■ Provided data:
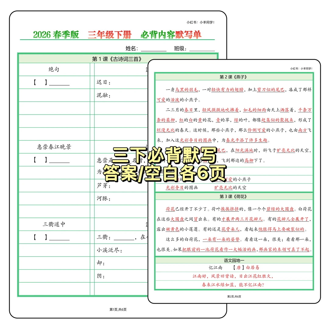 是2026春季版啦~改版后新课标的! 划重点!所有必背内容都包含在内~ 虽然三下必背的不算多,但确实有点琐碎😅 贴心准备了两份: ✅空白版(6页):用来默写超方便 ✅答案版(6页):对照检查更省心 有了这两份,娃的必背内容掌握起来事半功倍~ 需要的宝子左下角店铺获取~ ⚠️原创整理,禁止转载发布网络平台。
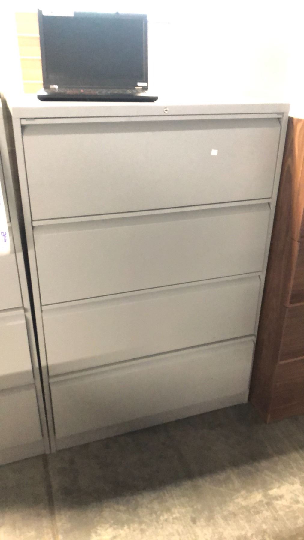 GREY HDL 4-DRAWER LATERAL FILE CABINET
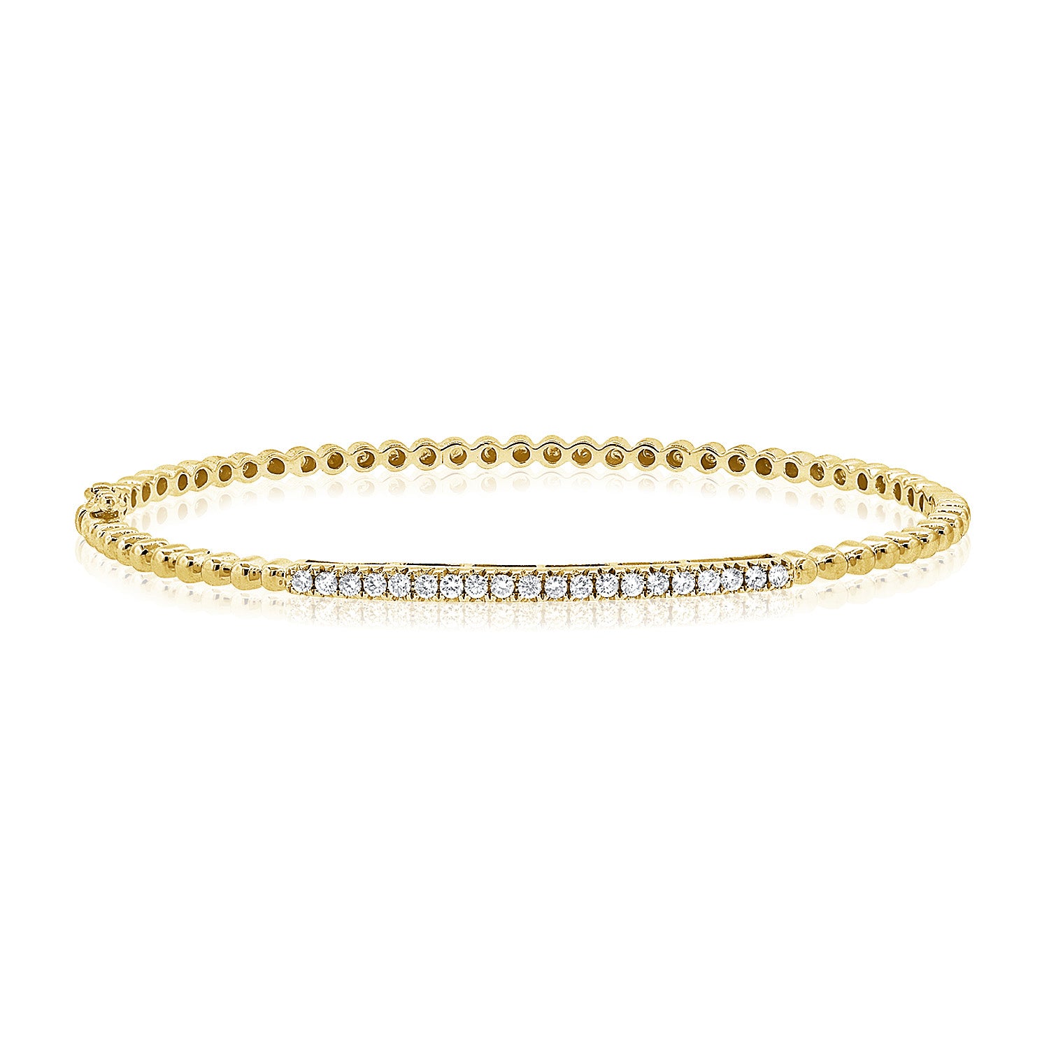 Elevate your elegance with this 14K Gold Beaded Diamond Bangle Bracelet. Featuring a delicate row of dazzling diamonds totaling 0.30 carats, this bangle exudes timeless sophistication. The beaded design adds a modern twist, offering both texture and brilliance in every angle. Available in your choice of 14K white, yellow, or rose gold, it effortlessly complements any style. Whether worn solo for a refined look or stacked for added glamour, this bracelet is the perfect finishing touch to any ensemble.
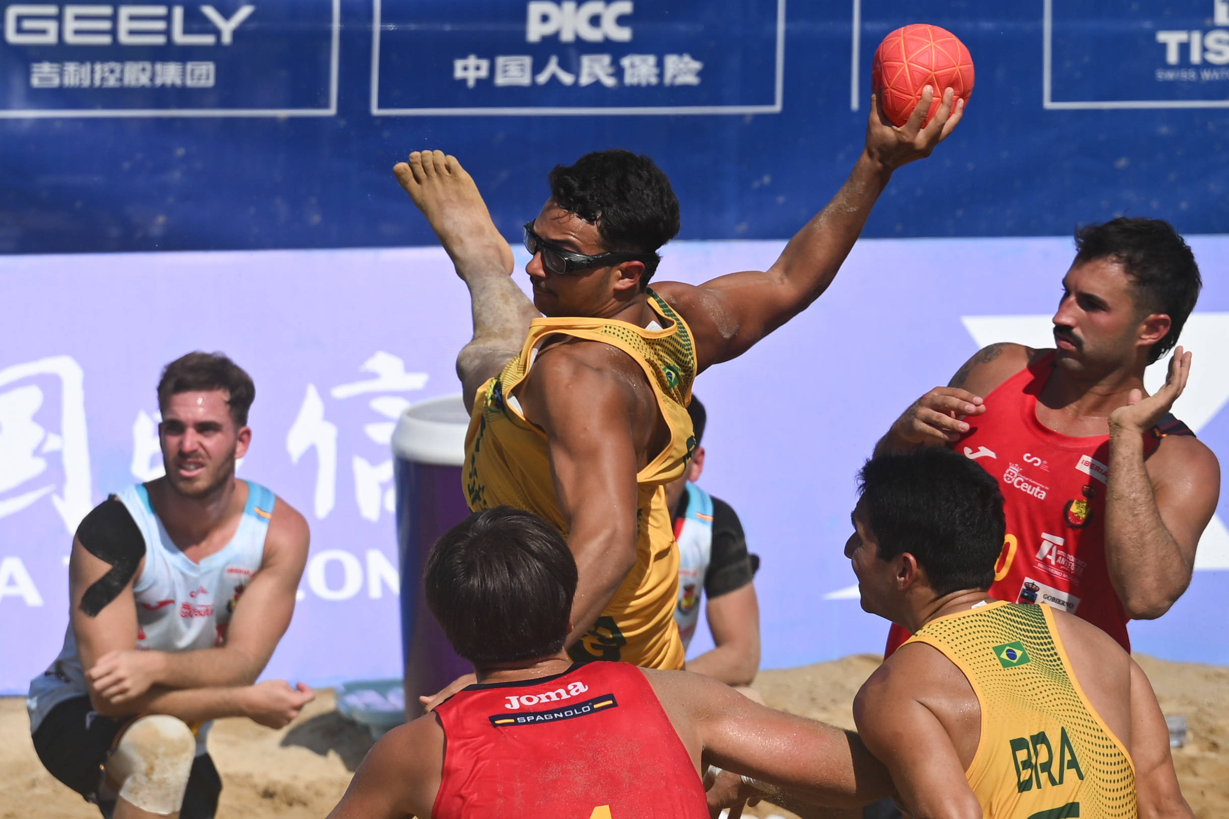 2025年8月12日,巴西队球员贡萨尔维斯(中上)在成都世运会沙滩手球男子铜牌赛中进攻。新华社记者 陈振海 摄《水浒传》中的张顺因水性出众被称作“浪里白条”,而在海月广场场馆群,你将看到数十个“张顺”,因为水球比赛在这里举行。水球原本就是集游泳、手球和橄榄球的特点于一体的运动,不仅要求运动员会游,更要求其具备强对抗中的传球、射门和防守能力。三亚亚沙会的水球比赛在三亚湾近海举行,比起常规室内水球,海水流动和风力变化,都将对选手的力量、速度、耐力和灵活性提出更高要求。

■ Task description: Please reproduce only the lines from the one holding "GREY HDL 4-DRAWER LATERAL FILE CABINET" through the final line of the listing above, both included, with each picture left out.

■ Output below:
 GREY HDL 4-DRAWER LATERAL FILE CABINET
 Elevate your elegance with this 14K Gold Beaded Diamond Bangle Bracelet. Featuring a delicate row of dazzling diamonds totaling 0.30 carats, this bangle exudes timeless sophistication. The beaded design adds a modern twist, offering both texture and brilliance in every angle. Available in your choice of 14K white, yellow, or rose gold, it effortlessly complements any style. Whether worn solo for a refined look or stacked for added glamour, this bracelet is the perfect finishing touch to any ensemble.
 2025年8月12日,巴西队球员贡萨尔维斯(中上)在成都世运会沙滩手球男子铜牌赛中进攻。新华社记者 陈振海 摄《水浒传》中的张顺因水性出众被称作“浪里白条”,而在海月广场场馆群,你将看到数十个“张顺”,因为水球比赛在这里举行。水球原本就是集游泳、手球和橄榄球的特点于一体的运动,不仅要求运动员会游,更要求其具备强对抗中的传球、射门和防守能力。三亚亚沙会的水球比赛在三亚湾近海举行,比起常规室内水球,海水流动和风力变化,都将对选手的力量、速度、耐力和灵活性提出更高要求。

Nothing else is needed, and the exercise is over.